● Input for this task:

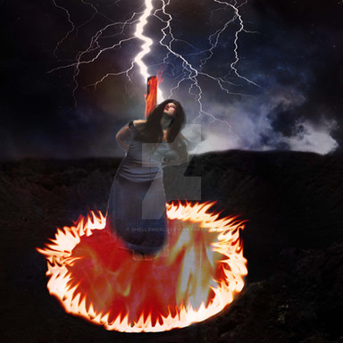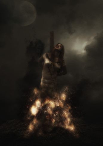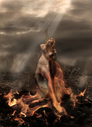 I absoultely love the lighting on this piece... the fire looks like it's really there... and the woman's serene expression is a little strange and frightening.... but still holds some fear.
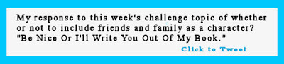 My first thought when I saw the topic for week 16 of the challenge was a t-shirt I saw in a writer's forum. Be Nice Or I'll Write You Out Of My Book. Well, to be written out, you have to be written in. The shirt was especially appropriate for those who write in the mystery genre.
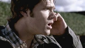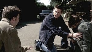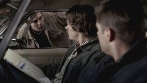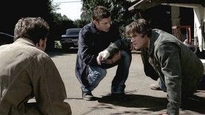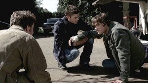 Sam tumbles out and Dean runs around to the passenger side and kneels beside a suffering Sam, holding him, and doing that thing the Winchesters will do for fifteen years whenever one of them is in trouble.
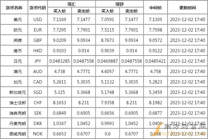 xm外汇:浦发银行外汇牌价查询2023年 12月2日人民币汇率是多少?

* * *

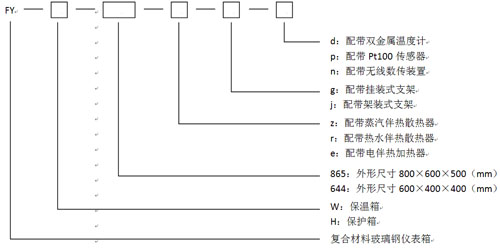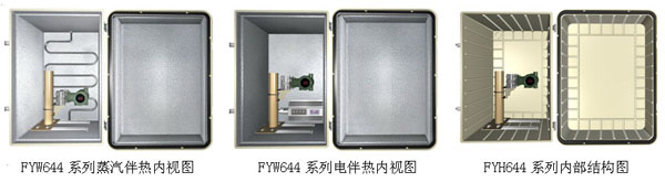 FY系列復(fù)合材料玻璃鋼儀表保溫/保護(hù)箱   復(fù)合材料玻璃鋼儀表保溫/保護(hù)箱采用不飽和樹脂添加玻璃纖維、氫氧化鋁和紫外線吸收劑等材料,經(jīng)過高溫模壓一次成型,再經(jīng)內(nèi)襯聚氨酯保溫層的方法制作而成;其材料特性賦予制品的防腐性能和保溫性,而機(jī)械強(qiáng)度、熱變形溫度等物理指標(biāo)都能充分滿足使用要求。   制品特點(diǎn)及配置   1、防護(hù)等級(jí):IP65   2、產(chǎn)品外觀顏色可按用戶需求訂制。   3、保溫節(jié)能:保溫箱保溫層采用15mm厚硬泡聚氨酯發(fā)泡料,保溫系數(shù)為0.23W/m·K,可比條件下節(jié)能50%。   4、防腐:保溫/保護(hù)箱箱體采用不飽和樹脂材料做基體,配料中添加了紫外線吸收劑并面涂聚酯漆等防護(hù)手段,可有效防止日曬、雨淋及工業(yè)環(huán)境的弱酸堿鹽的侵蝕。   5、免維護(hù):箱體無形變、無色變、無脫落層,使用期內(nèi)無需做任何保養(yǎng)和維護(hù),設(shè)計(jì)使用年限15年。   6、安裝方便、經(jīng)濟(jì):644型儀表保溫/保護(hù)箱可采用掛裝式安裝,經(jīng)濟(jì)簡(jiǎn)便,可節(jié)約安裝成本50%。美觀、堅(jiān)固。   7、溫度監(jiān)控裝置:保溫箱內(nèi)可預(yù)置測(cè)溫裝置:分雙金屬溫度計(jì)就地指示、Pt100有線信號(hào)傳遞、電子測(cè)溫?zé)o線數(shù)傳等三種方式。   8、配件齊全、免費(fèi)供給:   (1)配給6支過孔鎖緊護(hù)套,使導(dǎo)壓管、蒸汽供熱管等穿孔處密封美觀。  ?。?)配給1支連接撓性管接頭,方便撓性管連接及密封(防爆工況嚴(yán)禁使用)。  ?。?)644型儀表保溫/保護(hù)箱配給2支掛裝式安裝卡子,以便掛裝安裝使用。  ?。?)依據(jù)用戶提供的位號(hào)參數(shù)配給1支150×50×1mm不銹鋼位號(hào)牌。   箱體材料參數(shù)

● What to work on:
Return the lines above from the one with "I absoultely love" through the one with "My first thought", verbatim and nothing else. Omit every picture.

● Answer space:
 I absoultely love the lighting on this piece... the fire looks like it's really there... and the woman's serene expression is a little strange and frightening.... but still holds some fear.
 My first thought when I saw the topic for week 16 of the challenge was a t-shirt I saw in a writer's forum. Be Nice Or I'll Write You Out Of My Book. Well, to be written out, you have to be written in. The shirt was especially appropriate for those who write in the mystery genre.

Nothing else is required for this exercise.